Oklahoma Commissioners of the Land Office
- Great Seal of Oklahoma

Agency overview
- Formed: November 16, 1907
- Headquarters: 204 N. Robinson Ste 900 Oklahoma City, Oklahoma
- Employees: 38 classified 12 unclassified
- Agency executive: Dan Whitmarsh, Secretary;
- Website: Commissioners of the Land Office

= Oklahoma Commissioners of the Land Office =

The Oklahoma Commissioners of the Land Office is an agency of the government of Oklahoma. The Land Office was created by the Oklahoma Constitution and is responsible for managing and controlling lands and funds granted to the state under the provisions of the Oklahoma Organic Act. These lands and fund are used to support common schools, colleges and universities. The Commissioners of the Land Office distributes over $125 million each year to K-12 schools and qualifying higher education institutions across the state.

The governing body of the Land Office is the Commissioners. The board is composed of five members: the Governor, Lieutenant Governor, the State Auditor, the Superintendent of Public Instruction, and the Commissioner of Agriculture. The Governor serves as the Chair and the Lt. Governor serves as Vice Chair.

The Governor is responsible for appointing, with the consent of the other Commissioners, the Secretary of the Commissioners of the Land Office. The current Secretary is Dan Whitmarsh, who was appointed by Governor Kevin Stitt in 2023.
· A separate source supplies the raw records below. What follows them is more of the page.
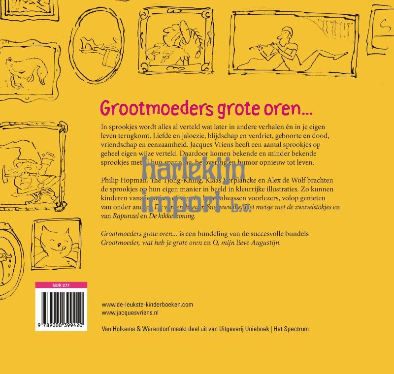 Deze bestseller van meesterverteller Jacques Vriens is opnieuw leverbaar! Sprookjes maken deel uit van onze jeugd: wie werd er niet voorgelezen door zijn ouders of opa of oma? Lekker veilig griezelen en wegdromen met bijvoorbeeld De wolf en de zeven geitjes, De rattenvanger van Hamelen, Assepoester en Vrouw Holle. Klassieke sprookjes zijn echter niet altijd begrijpelijk voor kinderen. Jacques Vriens vertelt sprookjes als geen ander en voor Grootmoeders grote oren... bewerkte hij ze speciaal voor kinderen vanaf 4 jaar. Dat betekent bekende en minder bekende sprookjes in begrijpelijke taal voor kleuters, in de vertrouwde stijl van een van onze grootste kinderboekenschrijvers.
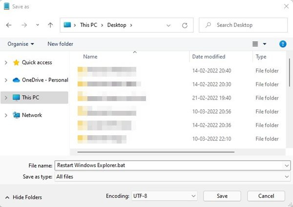 작업 관리자에 의존해 Explorer.exe 프로세스를 재시작하고 싶지 않다면, 대신 배치 파일을 만들 수 있습니다. 배치 파일을 생성한 후, Windows 탐색기 프로세스를 재시작하고 싶을 때마다 더블 클릭하세요.
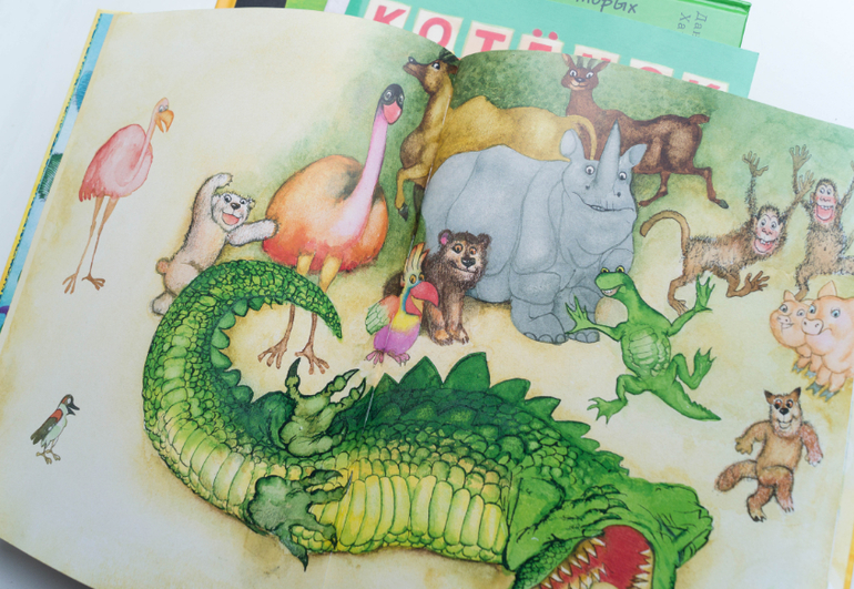 Читали книгу очень много, Заходер по тексту хорош, как, впрочем, и всегда. А Коля книжку читает с канонным еврейским акцентом почему-то: "Я тебе шо скажу, этот къокодил пъямо-таки не находил себе места, ребе!". Сильно смешно выходит. Хотя в ней есть приличный такой минус. Читать, честно говоря, очень сложно. Ибо там есть целые развороты без рисунков, за которыми следуют развороты без текста. Вот так:
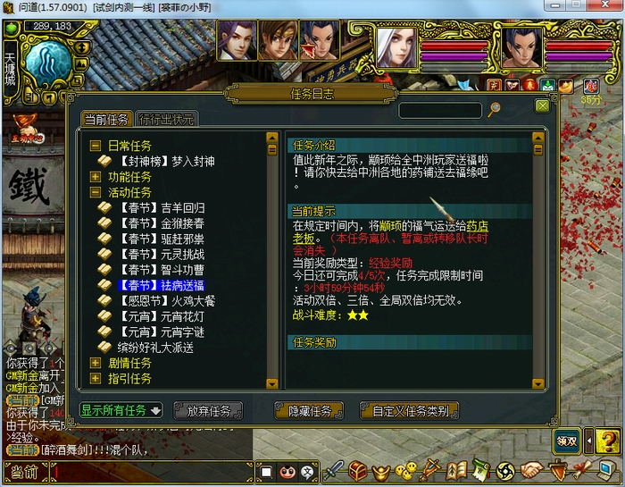 快去活动大使处领取任务给中洲各地的药铺送去福缘,使中洲百姓免于病痛吧。
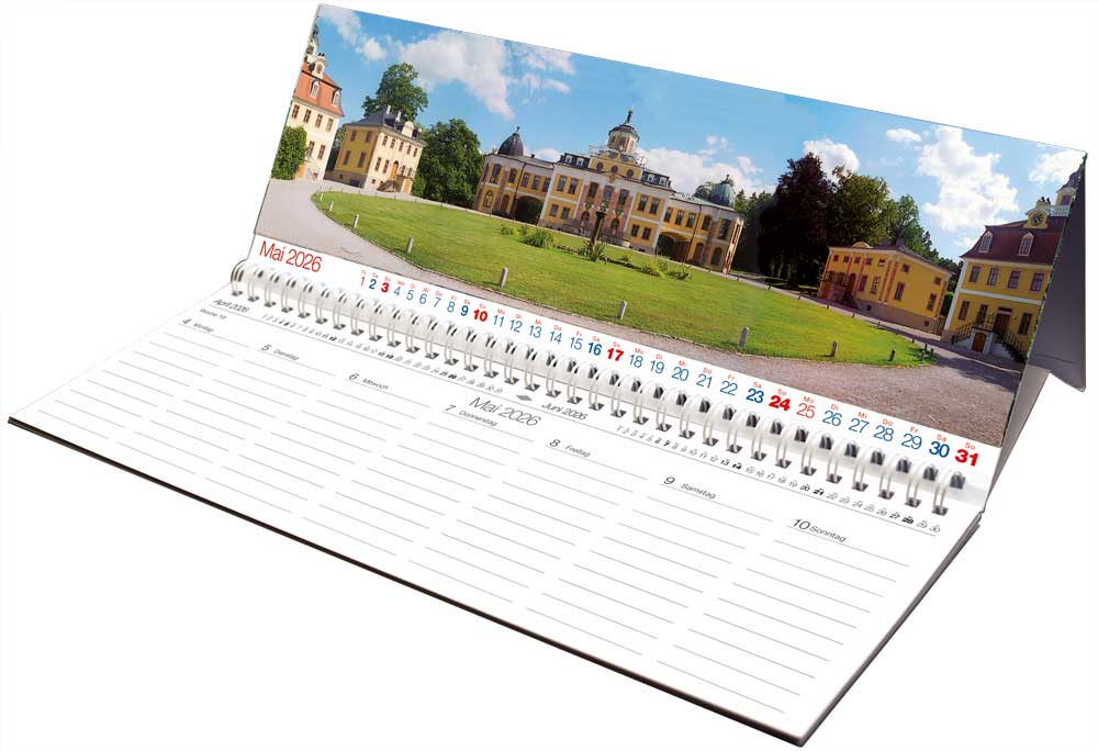 Mit 52 Seiten für Termineinträge. Der Planer liegt nicht nur flach auf dem Schreibtisch, um Termineinträge vorzunehmen: Der Planer ist ein Aufstellkalender mit dem aufgestellten Panoramafoto, das wöchentlich wechselt.

The Land Office was created in 1907 during the term of Governor Charles N. Haskell.

==Mission==
The mission of the Commissioners of the Land Office is: "managing assets to support education".

==Leadership==
The Commissioners of the Land Office is under the supervision of the five-member board of Commissioners, with the Governor of Oklahoma serving as permanent Chairman and the Lieutenant Governor of Oklahoma serving as the permanent Vice Chairman.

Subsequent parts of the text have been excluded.